Historically residents and non-residents were treated differently in respect of capital gains tax liability; however on January 1st 2007 the new Income Tax Act came into force. This was largely due to EU pressure, after complaints from foreign taxpayers that they were being discriminated against under the previous system.

The Income Tax Act changed certain articles of the Non-Resident Income Tax Act, in particular, the capital gains tax rate which was reduced from 35% on net gain to 18%, in line with the rate of tax for residents.

Another significant amendment to the Act was the reduction in the amount of retention tax that a property purchaser must pay to the tax authorities on account of the potential capital gains tax liability of a non-resident seller. This has been reduced from the 5% of the declared purchase price to 3%.

To explain this further, when a non-resident sells their Spanish property the purchasers must pay 3% of the sales price directly to the Spanish tax authorities and will only pay to the seller 97% of the agreed price.
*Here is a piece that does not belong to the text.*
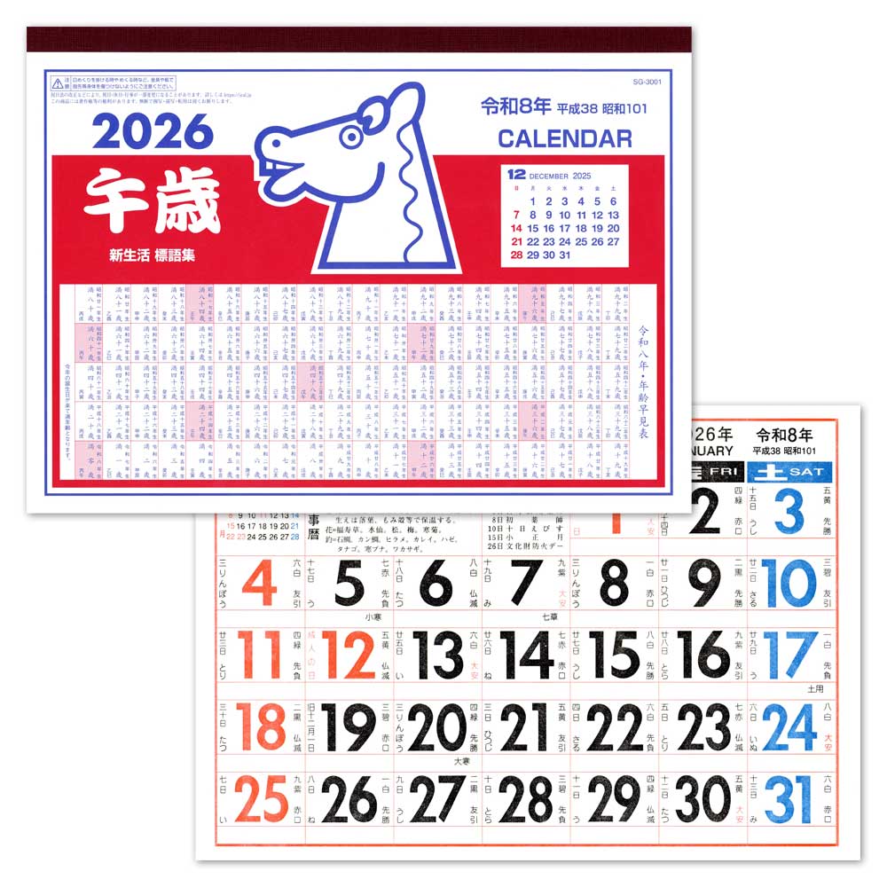 昭和レトロ A4ノートに挟めるサイズの薄型カレンダー(1個) 厚さ約1mm 干支・午(うま) 令和八年(2026年) 薄型でかさばらない 昔ながらのスタイル ことわざ 六曜 十干 九星 二十四節気

This retention tax is effectively kept ‘on account’ by the Spanish tax authorities until the non-residents’ capital gains tax liability is calculated. Once the capital gain is determined, i.e. the profit less any inflationary considerations for the period that the property was owned, and the appropriate tax due is calculated, the Spanish tax authorities will deduct the retention tax from the capital gains tax due to be paid. If, the capital gains tax due on the sale of the Spanish property is more than the 3% retention tax the seller has to pay the difference. If, however the capital gains tax liable on the sale of the Spanish property is less than the 3% retention tax the difference will be refunded by the Spanish tax authorities.
 

Plusvalia

Plusvalia is a tax levied by the local Town Hall and is paid on the sale of a property or piece of land. It is based on a combination of the area where the property is located, the size of the plot, and on the ‘valor catastral’. It is, in essence, a tax on the increase in value of the land, which by law, the seller is obliged to pay; however it is common practice for the parties to negotiate and write into the sales contract, who will pay the amount due.
 

Property Transfer Tax

For a residential property sold from a developer for the first time, transfer tax of 7% is due, and in the case of plots of land without existing built property, the figure is 16%. Both transfers are also subject to Stamp Duty of 1%.

On resale properties the transfer tax is set at either 6% or 7% depending on the region. The Province of Granada, in the region of Andalucía, is subject to 7% transfer tax.
 

Value Added Tax

The Spanish equivalent of VAT is I.V.A, and is charged at 16% on goods and services.